Courtesy of Land Title Guarantee

The rush on real estate in Pitkin County in 2020 and 2021 has lost steam in 2022.

Year-to-date sales of $2.9 billion in Pitkin County were 14.67% behind last year’s sales volume of $3.4 billion and also shy of 2020’s $3 billion. Year-to-date figures represent the first 10 months of each year and the dollar volume accounts for residential, agricultural, commercial and other property types.

Transactions totaling $345 million in October alone showed a decline of 21.9% from October 2021, which recorded $441 million in sales. October was the fifth straight month showing declines from 2021, a record-setting year for dollar volume with $4.5 billion in sales.



Those figures are according to the monthly market analysis issued Friday by Denver-based title agency Land Title Guarantee’s office in Glenwood Springs. The figures represented fee-simple transactions, the most common type of ownership that indicates outright possession of land and any structures sitting on it.

There were 570 year-to-date property transactions through October, down 43.73% from the 1,013 transactions recorded during the same period last year, the report showed.




The majority of the dollar volume in property sales came in Aspen, which generated $2.16 billion for the first 10 months of the year. Residential prices in Aspen— that includes single-family homes, condos, duplexes, multiplexes, etc. — averaged $9.51 million. The median price was $5.9 million and the average price per square foot was $2,885.

Countywide, residential transactions totaled $2.42 billion from January through October. The average residential sales price was $6.14 million, the median price was $2.8 million, and $2,080 was the average cost per square foot.

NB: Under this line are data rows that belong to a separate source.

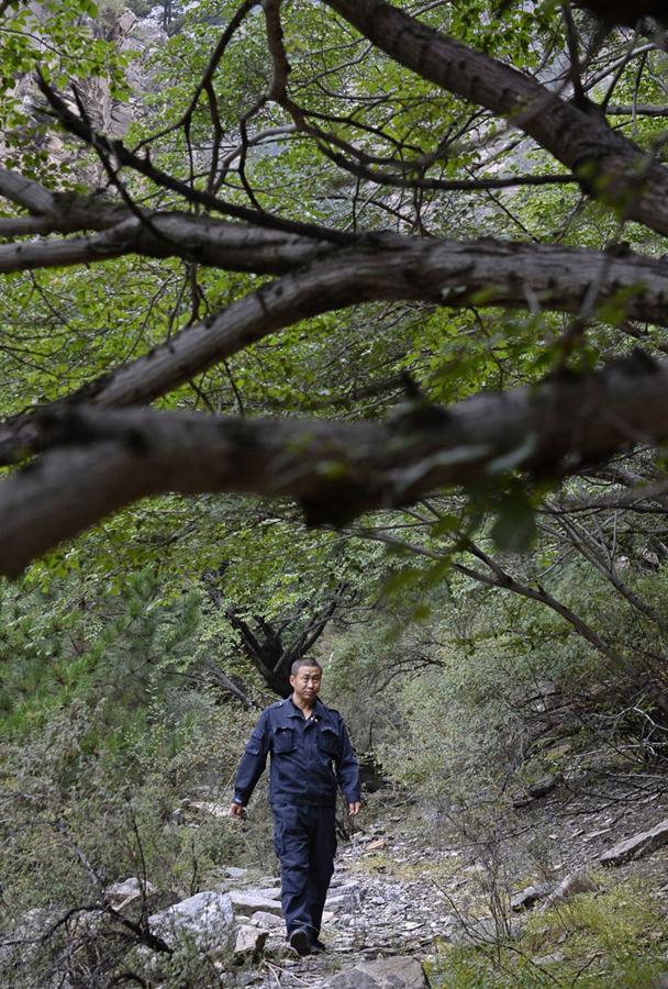 宁夏贺兰山护林员孙国亮在护林区巡山(新华社记者王鹏 摄)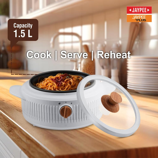 Jaypee Plus Electric CookSmart Casserole 3-in-1 Dual Cooking Station with Teflon NonStick Coating Bowl for Reheating & Cooking,Wooden Finish Lid & Regulator Knob Toughened Glass Lid,1.5+1.5 Ltr, Ivory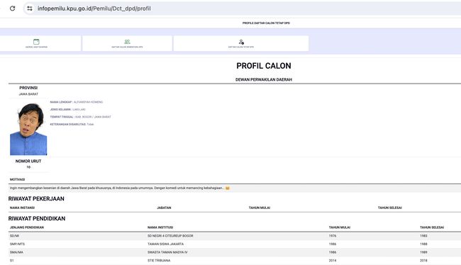 Nama yang tercantum di situs itu Alfiansyah Komeng. Riwayat pendidikan yang tercantum dalam situs KPU itu sebagai berikut: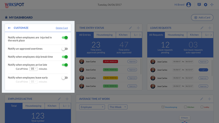 The admins will get alerts about any problems or suspicious activities on their dashboard which makes it easy for them to make quick decisions and avoid disasters. Apart from that they can view and approve timecards and leave requests from employees right from the dashboard screen.

Single-family home sales in Pitkin County accounted for $1.67 billion the first 10 months of 2022. That was spread out over 135 transactions, equating to an average closing price of $12.33 million, according to the report.

In Aspen, the average single-family home price was $19.8 million year to date. The median home price during that period was $12.69 million.

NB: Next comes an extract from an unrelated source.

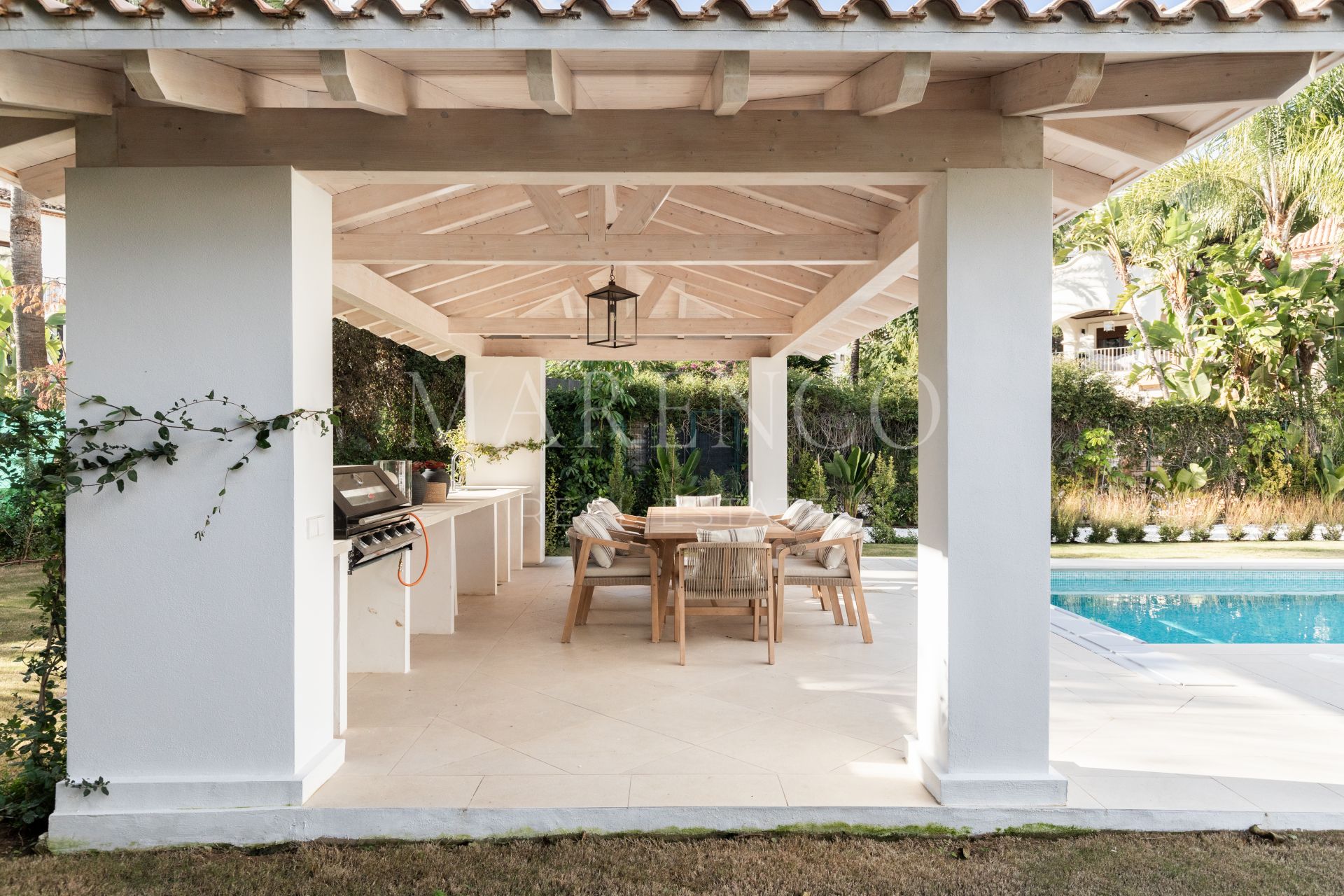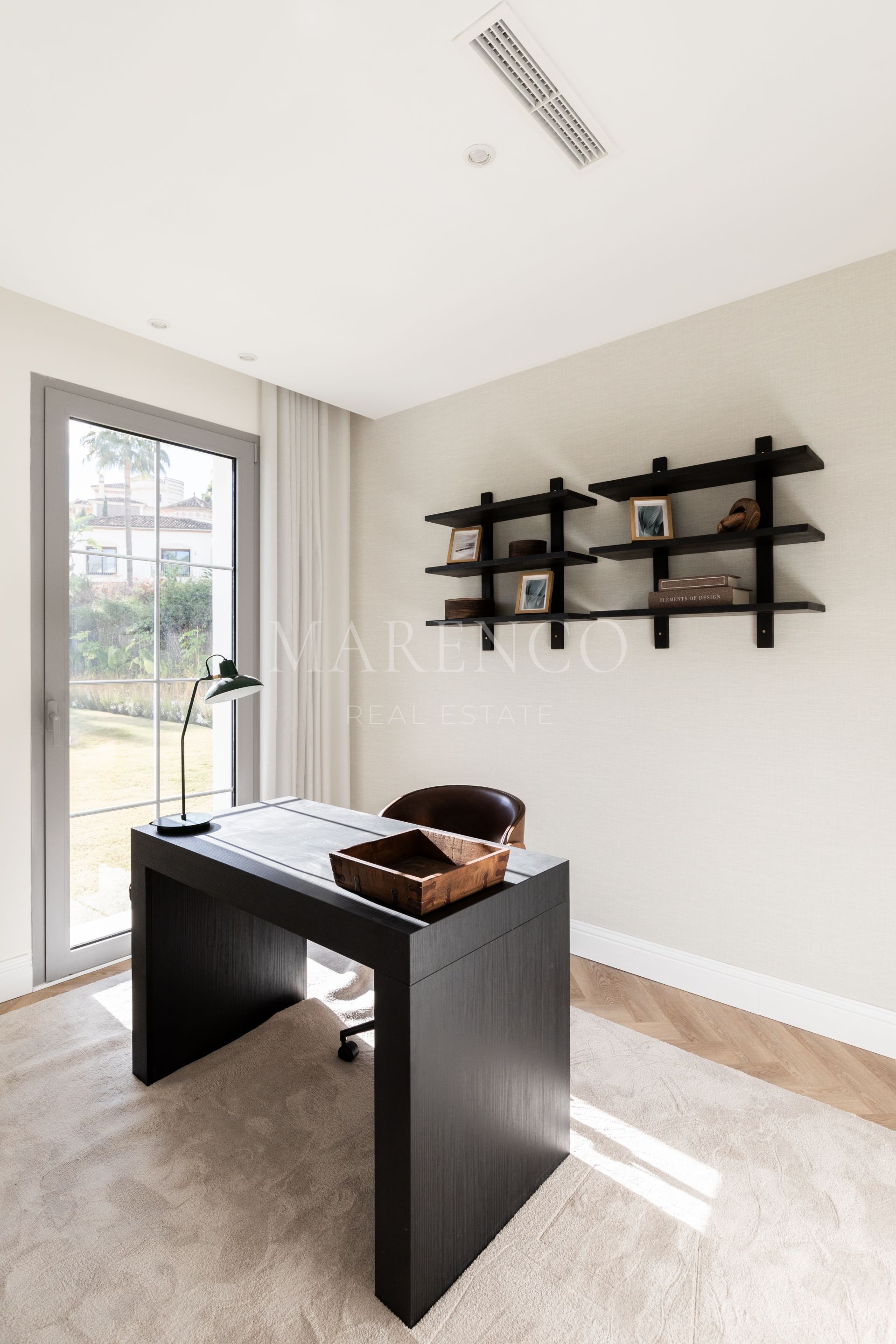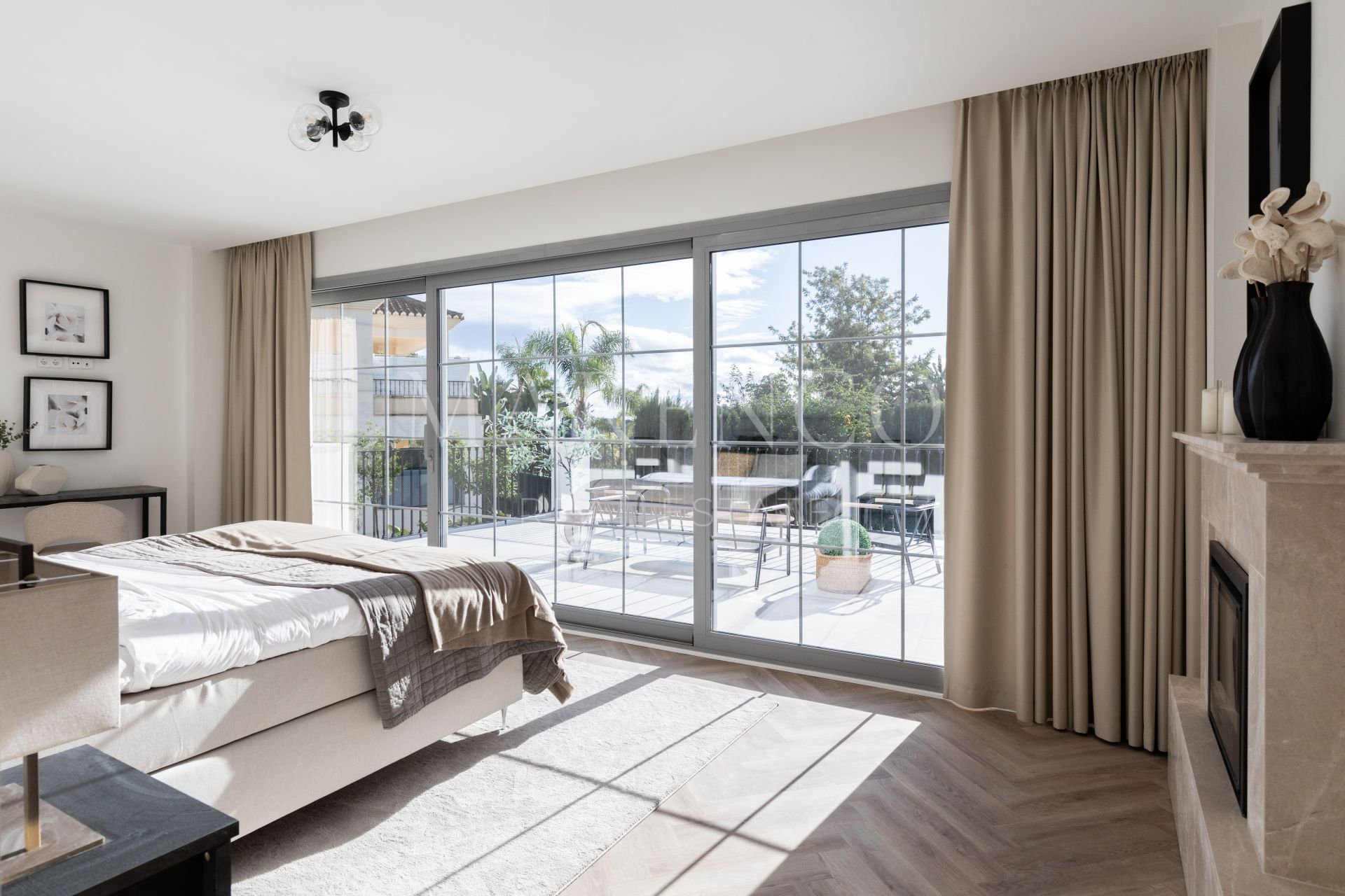 Buiten biedt de woning een prachtig onderhouden privétuin, zwembad en een overdekte buiten-eetruimte, perfect om het hele jaar door te genieten van het uitzonderlijke klimaat van de Costa del Sol. Grote ramen en ruime terrassen versterken de verbinding tussen binnen en buiten en zorgen voor veel natuurlijk licht. Daarnaast beschikt de villa over een privégarage voor twee voertuigen.

This chart comparison of the first 10 months of 2021 and 2022 covers eight residential zones in Pitkin County analyzed by Land Title Guarantee. | Courtesy of Land Title Guarantee
Realestate-atd-112122

There were 75 new residential listings through the first three quarters of this year, and with “demand outweighing supply, this has pushed up the price of turnkey, luxury properties,” according to the Douglas Elliman | Knight Frank Ski Report for 2023, which was released last week.

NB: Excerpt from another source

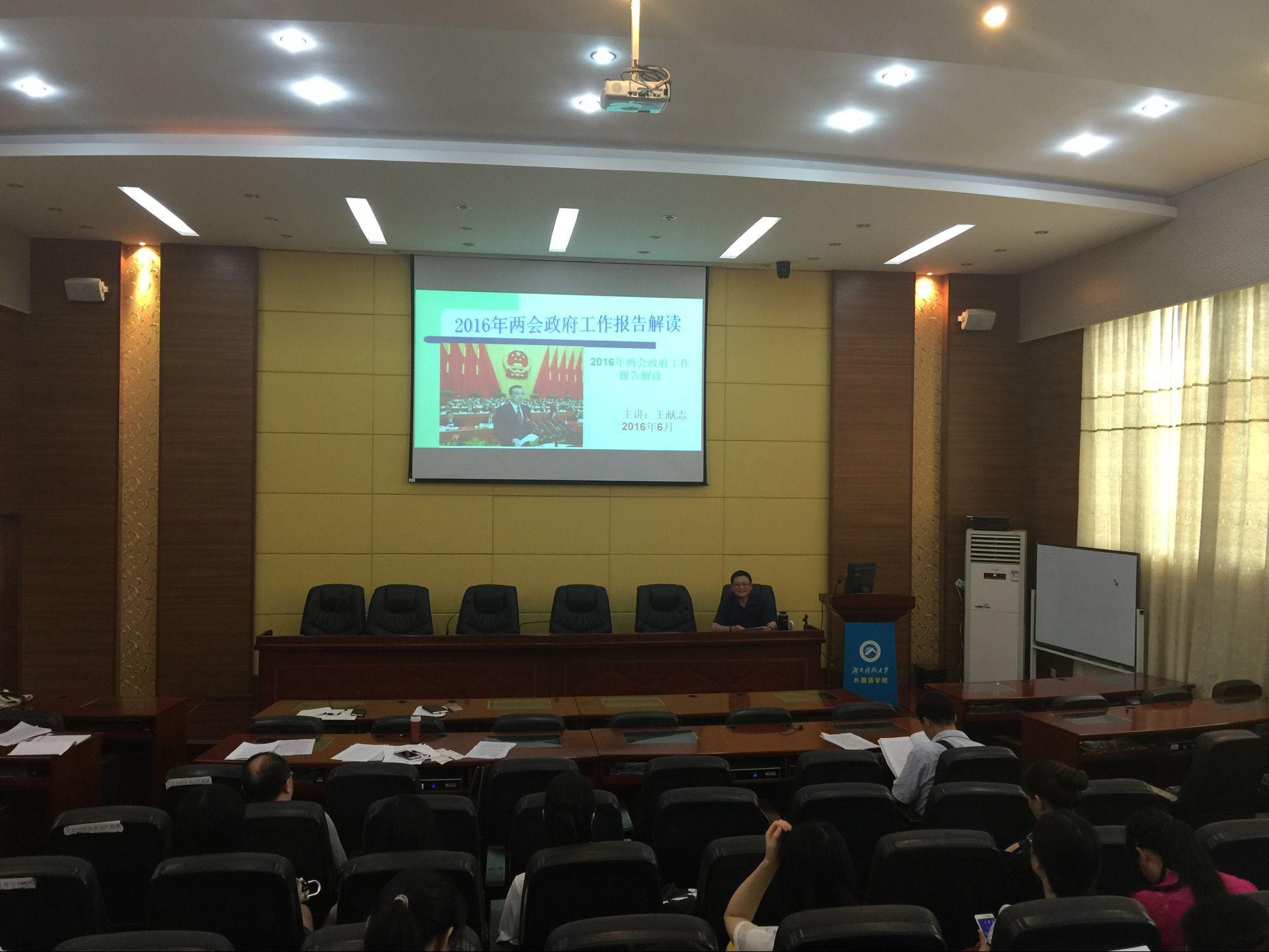 2016630日下午,应公司党委邀请,九三学社湘潭市委副主委,湘潭市雨湖区政协副主席,马克思主义公司王献志教授在外语楼101会议室,为永利3044noc全体教职工党员做了一场“2016年全国两会工作报告解读”的专题讲座。此次讲座,是公司党委“两学一做”学习教育工作部署中的重要一环。

“The slowdown is also a reflection that the market is re-adjusting, having experienced strong sales volumes during the pandemic, inevitably meaning year-on-year sales comparisons will be down,” the report said.

Residential property in Snowmass is where upvalley homebuyers can find lower prices, noted Jason Mansfield, an associate at Knight Frank, in the report.

“Appetite from domestic U.S. buyers has strengthened throughout 2022,” he said. “However, the lack of stock and price rises in Aspen has boosted interest in neighboring destinations, including Snowmass. Here, over 59% of properties sold in the first 10 months of 2022 were below US$4 million. This provides buyers with a value option.”